**TASK INSTRUCTIONS:**
Every line below from the one with "いわき市豊間地区連絡所兼復興協議会事務所" through the one with "شرایط نگهداری بلدرچین" should be retyped exactly, both ends included; no other lines and no pictures.

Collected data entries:

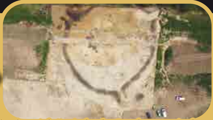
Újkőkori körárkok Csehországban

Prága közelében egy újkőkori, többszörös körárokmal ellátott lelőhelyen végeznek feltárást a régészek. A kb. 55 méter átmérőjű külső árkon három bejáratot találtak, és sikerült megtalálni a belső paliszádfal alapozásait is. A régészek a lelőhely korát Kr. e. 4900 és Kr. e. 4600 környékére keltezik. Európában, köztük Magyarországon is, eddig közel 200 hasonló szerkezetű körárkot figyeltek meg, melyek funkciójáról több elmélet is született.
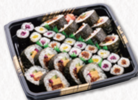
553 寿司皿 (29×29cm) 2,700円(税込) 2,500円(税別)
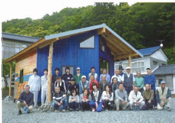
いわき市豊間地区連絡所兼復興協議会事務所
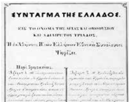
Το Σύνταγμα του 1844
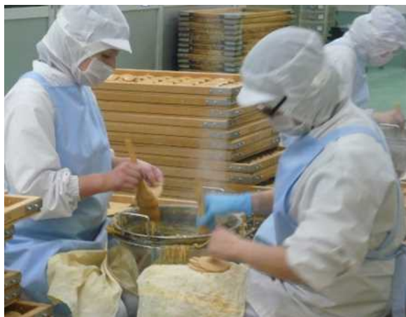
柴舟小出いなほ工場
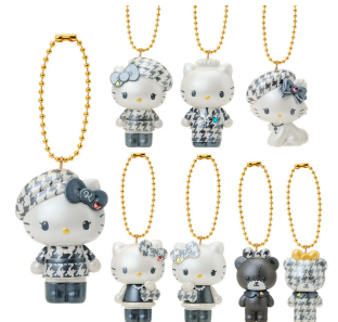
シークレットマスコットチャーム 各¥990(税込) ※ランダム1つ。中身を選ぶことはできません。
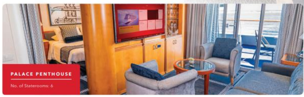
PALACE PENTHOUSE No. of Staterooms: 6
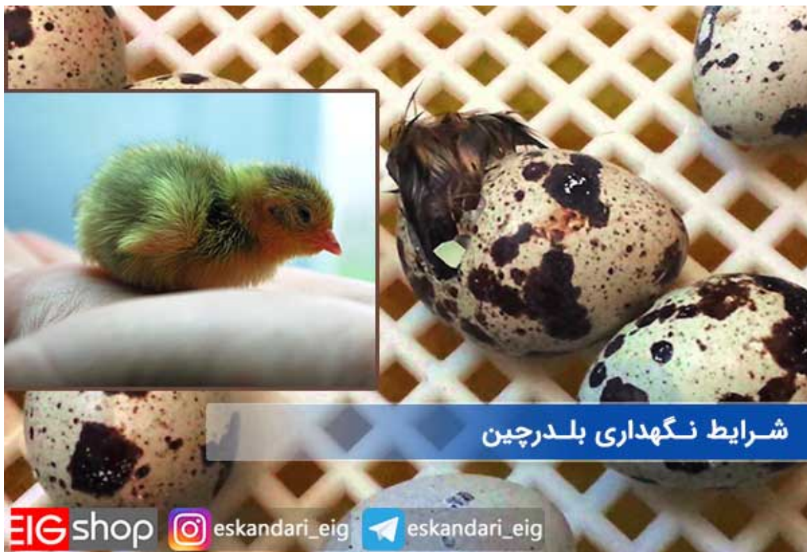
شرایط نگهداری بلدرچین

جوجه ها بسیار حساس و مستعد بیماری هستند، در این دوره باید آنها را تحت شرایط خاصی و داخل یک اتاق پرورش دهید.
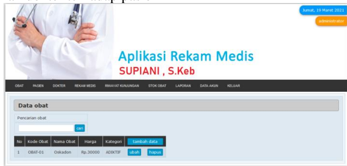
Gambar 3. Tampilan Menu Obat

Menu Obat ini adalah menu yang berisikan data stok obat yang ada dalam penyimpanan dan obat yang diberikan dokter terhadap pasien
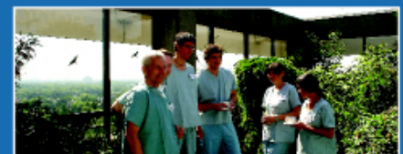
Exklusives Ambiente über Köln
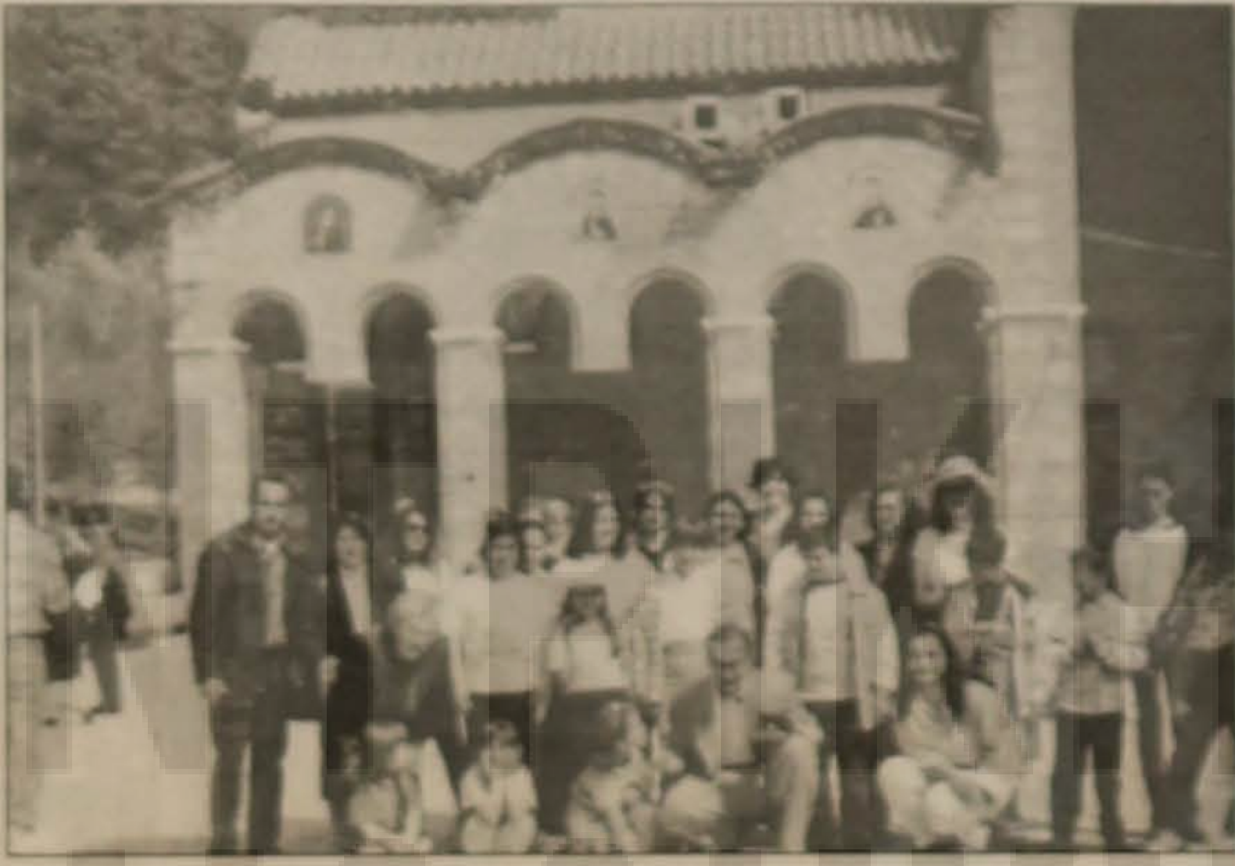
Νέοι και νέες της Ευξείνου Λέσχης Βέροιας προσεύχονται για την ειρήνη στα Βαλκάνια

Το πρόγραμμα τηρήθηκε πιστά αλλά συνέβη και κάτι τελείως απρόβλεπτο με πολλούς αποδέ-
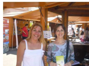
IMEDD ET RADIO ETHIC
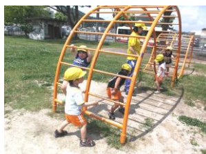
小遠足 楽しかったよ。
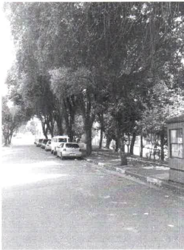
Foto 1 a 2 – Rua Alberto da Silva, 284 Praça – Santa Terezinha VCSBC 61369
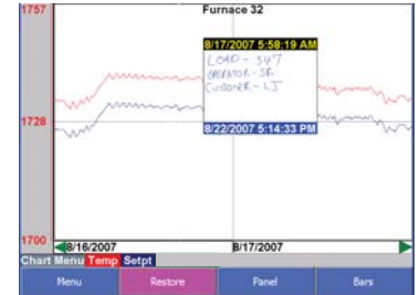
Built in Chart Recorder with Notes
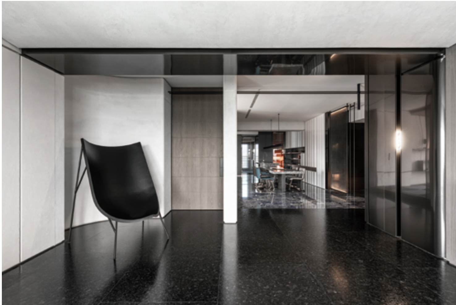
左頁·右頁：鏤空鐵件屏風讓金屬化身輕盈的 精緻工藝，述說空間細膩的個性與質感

--

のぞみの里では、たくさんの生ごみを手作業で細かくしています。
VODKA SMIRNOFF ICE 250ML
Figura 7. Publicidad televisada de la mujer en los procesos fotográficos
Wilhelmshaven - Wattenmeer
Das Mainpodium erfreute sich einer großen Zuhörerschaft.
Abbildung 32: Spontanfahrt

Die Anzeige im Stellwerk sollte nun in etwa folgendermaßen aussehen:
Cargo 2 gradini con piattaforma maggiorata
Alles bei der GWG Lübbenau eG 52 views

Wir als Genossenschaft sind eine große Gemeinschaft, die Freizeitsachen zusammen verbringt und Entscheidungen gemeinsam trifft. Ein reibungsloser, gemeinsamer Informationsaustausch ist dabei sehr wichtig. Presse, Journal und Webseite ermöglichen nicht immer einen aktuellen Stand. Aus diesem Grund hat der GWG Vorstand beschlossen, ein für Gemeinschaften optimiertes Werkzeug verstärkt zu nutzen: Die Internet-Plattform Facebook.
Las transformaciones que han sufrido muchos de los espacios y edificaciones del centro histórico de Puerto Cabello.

...

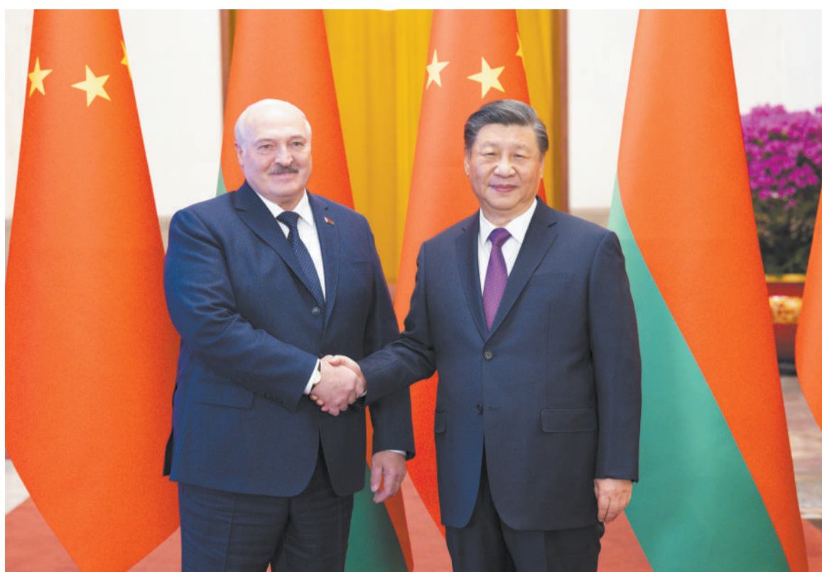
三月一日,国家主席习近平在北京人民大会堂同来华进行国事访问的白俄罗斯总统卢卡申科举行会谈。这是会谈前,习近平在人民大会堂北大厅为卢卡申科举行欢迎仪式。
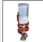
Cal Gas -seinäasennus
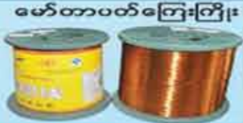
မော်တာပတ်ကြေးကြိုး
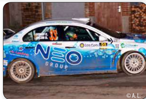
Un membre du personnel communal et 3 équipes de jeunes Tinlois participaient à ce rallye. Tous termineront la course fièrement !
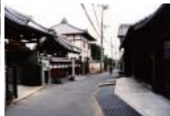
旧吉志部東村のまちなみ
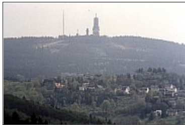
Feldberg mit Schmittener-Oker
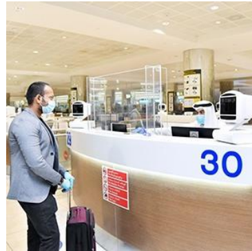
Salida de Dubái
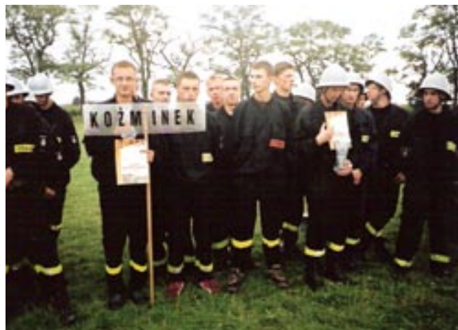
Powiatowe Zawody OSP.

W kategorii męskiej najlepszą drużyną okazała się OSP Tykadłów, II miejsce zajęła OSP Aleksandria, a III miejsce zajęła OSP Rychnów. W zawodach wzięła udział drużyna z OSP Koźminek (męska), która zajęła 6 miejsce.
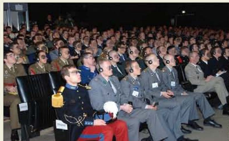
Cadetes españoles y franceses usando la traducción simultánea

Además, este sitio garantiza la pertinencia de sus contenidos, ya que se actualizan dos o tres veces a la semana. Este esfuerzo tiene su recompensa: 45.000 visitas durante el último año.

**RESULT OF THIS TASK:**
いわき市豊間地区連絡所兼復興協議会事務所
Το Σύνταγμα του 1844
柴舟小出いなほ工場
シークレットマスコットチャーム 各¥990(税込) ※ランダム1つ。中身を選ぶことはできません。
PALACE PENTHOUSE No. of Staterooms: 6
شرایط نگهداری بلدرچین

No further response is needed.